Patrick Andy (born c. 1960, Clarendon Parish, Jamaica) was a reggae singer, whose stage name is a reference to his similarity to the older reggae singer Horace Andy.

==Biography==
Patrick Andy began singing at church and in school, and began his recording career working with spiritually conscious Roots Reggae vocalist, engineer and producer Yabby You in the mid-1970s, often covering socially aware songs by Horace Andy, such as "Every Tongue Shall Tell" and "Youths of Today", which Yabby You released on his own label as King Tubby's vocal and dub 45s, giving the artist his distinctive, respected and authoritative imprimatur.

In 1978 he had a hit on the UK based Grove label, run by King Sounds and Michael Reuben Campbell with "Woman, Woman, Woman", in combination with Ranking Barnabas, and a solo hit with "My Angel". In the early 1980s he began recording with producer Joseph Hoo Kim at Channel One Studios, and further hits followed with "Tired Fe Lick Weed Inna Bush" and "Pretty Me".

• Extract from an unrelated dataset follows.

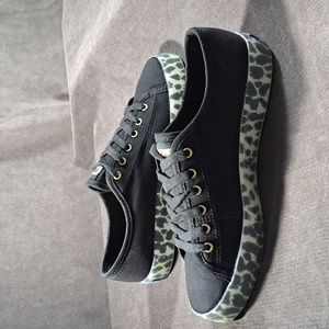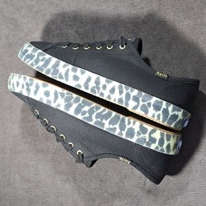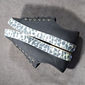 Keds Kickstart Canvas Black Leopard Foxing Lace Up Sneakers WF64735 NWOT US 6
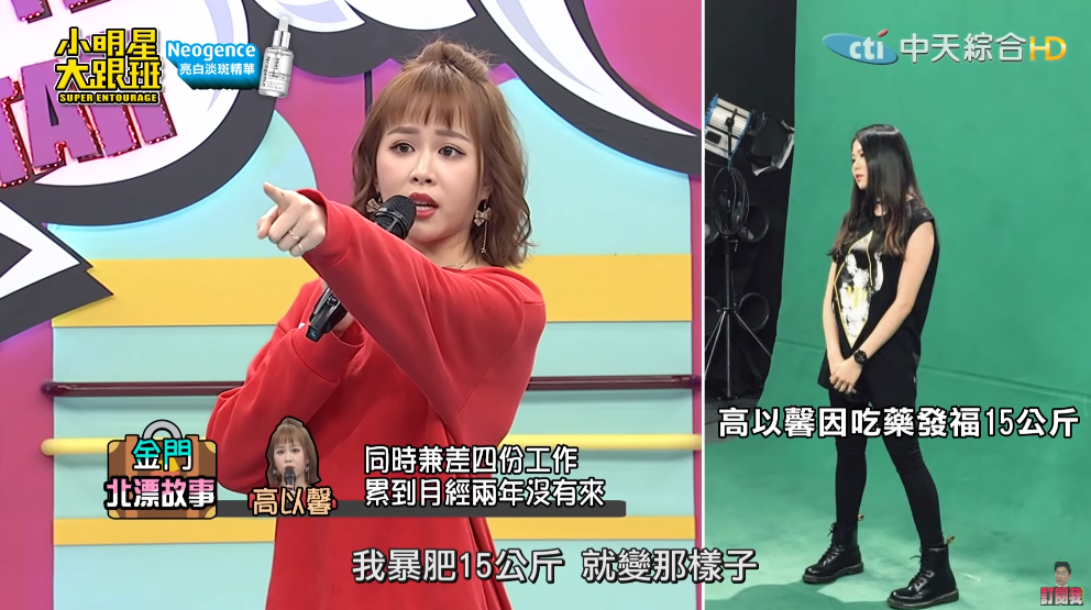 高以馨去看了醫生,醫生一檢查氣得責備她:「你知道你這樣真的很危險,你再晚來一點你可能就要死掉了!」此話一出也讓高以馨嚇壞,趕緊吃藥調整身體,結果藥才吃了兩個月,就因為內分泌失調導致暴肥15公斤,衣櫃衣服幾乎都穿不下,讓她自卑到不敢出門見朋友,還遭不少網友取笑,讓她相當痛苦。

By the mid 1980s the musical style and fashion was gradually moving from the Roots Radics Scientist (musician) engineered slower, spacious dancehall style towards digital reggae sounds, but Patrick Andy still continued to enjoy further hits in a dancehall style, with "Get Up Stand Up" (1984, based on Half Pint's hit "Greeting" ) , "Smiling", and "Sting Me a Sting, Shock Me a Shock", recorded for Prince Jammy in 1985, the latter based on the digital Sleng Teng rhythm, but played on real instruments. More hits followed and Andy recorded a number of "clash" albums, where tracks were split between Andy and a series of "opponents", including Sleng Teng star Wayne Smith, Frankie Jones, Half Pint, and Horace Andy.

==Discography==
- Showdown vol. 7 (1984) Channel One/Hitbound (with Wayne Smith)
- Two New Superstars (1985) Burning Sounds (with Frankie Jones)
- Clash of the Andys (1985) Thunder Bolt (with Horace Andy)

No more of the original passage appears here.